This essay on NPR.org is interesting and worth a read, if you've got a moment. It's about the idea that you should accept the fact that you're never going to read, see, hear or experience everything of value. You're going to go to your grave having missed out on hundreds, thousands, of cultural experiences (books, movies, plays, albums, TV shows, etc., etc.) that others—including people whose opinions you trust—swear are awesome, life-changing, sublime, etc., etc. And that's fine.

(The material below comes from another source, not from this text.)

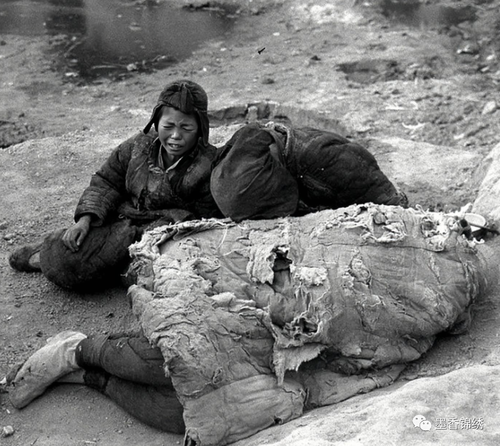 晚清年间一个失去家人的妇女倒地哀嚎痛哭的老照片,在那场混乱之中,很多底层的百姓们被炮火炸毁了房屋与家园,甚至还有很多百姓丧命于此。就连京城里的箭楼城门,亦是因义和团的纵火被烧毁得城破墙裂,四处皆是士兵们的尸体。

I know I've made the conscious choice to skip whole swaths of things, mostly by rejecting the opinions of critics. I make almost no effort to keep up with hip-hop, I only encounter mainstream pop by watching videos on MTV or VH1, and while I visit Pitchfork every morning, I generally only read the one-sentence teasers for their reviews—I don't read more than one or two whole reviews per week, and I almost never actually listen to the albums in question, even when a friend of mine has written the review, so indie music is almost completely closed off to me. I don't read any fiction reviewed in the New York Times Book Review, unless it's in the Crime column or one of their rare science fiction roundups. I don't watch movies that win Oscars or festival prizes. I don't go to the theater, though I wouldn't mind checking out an opera at some point, not because I want to become knowledgeable about opera, but because the format itself seems like it would be interesting to experience, one time. Actually, two times; I'd like to see one European-style opera, and one Chinese opera.
What do you not bother with? What do you read, watch or listen to because you're afraid of missing out, or being left out of some perceived culture-wide conversation?